Как его только ни называли: Борисом Годуновым, Борисом Грозным, Борисом Виссарионовичем… И только единицы, знающие его с самого детства, звали его Боряном или Шубой.

О том, что Шуба почему-то стал вкладываться в музон, а не в мутон, первым узнал Гарик. Ему рассказала об этом сестра Галя, которая была замужем за Яковом Мордахаевым, которому Борис поручил на условиях строжайшей секретности делать чехол. О том, что Шубаев купил рояль, не должен был знать никто. Именно поэтому Борис снял с производства человека, в котором был уверен на двести процентов, и велел привезти нежнейшую кожу двадцати телят и скорняжную машину. Всю неделю Яков работал в доме Бориса, вернее в подземном бункере, надёжно закрытом от посторонних глаз тяжеленной металлической дверью, которыми обычно оборудуют банковские сейфы. Ещё до того, как впустить старого скорняка, Борис попросил тайну за пределы стен этого здания не выносить.

– Амбар гоф сохугьо, амбар гъэлет мибу[15], – сказал Яков в ответ.

Яков должен был обмерить рояль и сшить для него чехол, по качеству превышающий всё, что он когда-либо шил для человека. Лучше, чем куртки для губернатора, его жены и любовницы; для мэра, его жёны и любовницы; для коллег-бизнесменов, их жён и любовниц. Был, правда, один человек, образ которого Борис использовал для того, чтобы мотивировать наглядно. «Представь, что перед тобой не рояль, а Сталин. И если он заметит хоть малейший изъян в крое, тебе конец». Не только кнут использовал Борис, но и пряник. Он пообещал Якову месячный оклад за недельную работу, и это притом, что главный скорняк зарабатывал больше всех на фабрике.

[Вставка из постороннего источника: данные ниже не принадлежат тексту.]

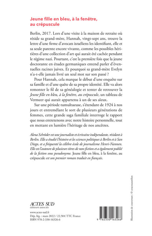 Berlin, 2017. Lors d'une visite à la maison de retraite où réside sa grand-mère, Hannah, vingt-sept ans, trouve la lettre d'une firme d'avocats israéliens les identifiant, elle et sa seule parente encore vivante, comme les possibles héritières d'une collection d'art qui aurait été cachée pendant le régime nazi. Pourtant, c'est la première fois que la jeune doctorante en études germaniques entend parler d'éventuelles racines juives. Et pourquoi sa grand-mère Evelyn n'a-t-elle jamais livré un seul mot sur son passé ? Pour Hannah, cela marque le début d'une enquête sur sa famille et d'une quête de sa propre identité. Elle va alors remonter le fil de sa généalogie et tenter de retrouver la Jeune fille en bleu, à la fenêtre, au crépuscule, un tableau de Vermeer qui aurait appartenu à un de ses aïeux. Sur une période tumultueuse, s'étendant de 1924 à nos jours et entremêlant le sort de plusieurs générations de femmes, cette grande saga familiale interroge le rapport que nous entretenons avec notre histoire personnelle, tout en mettant en lumière l'héritage de nos ancêtres.
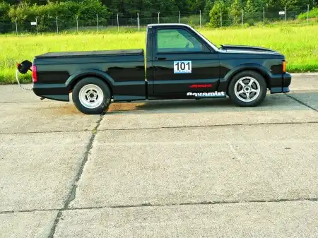 Ни под одно из этих описаний, этот симпатяга-пикап не подходит, хотя и является истинно дрэговым автомобилем, способным проехать квотер за 8,98 секунды со скоростью на выходе 250 километров в час. При этом, имея стандартную внешность, скромный черный цвет, вполне симпатичный стоковый салон, родной руль и пару педалей.

Чехол получился под стать модели: тончайшая кожа повторяла контуры рояля во всех деталях и не было ни одного места, где выпирало то, что не должно было выпирать. Что именно шил Яков Мордехаев, было неизвестно никому, даже Зое, хотя от Зои у Бориса секретов не было. Но о рояле он не хотел рассказывать даже ей.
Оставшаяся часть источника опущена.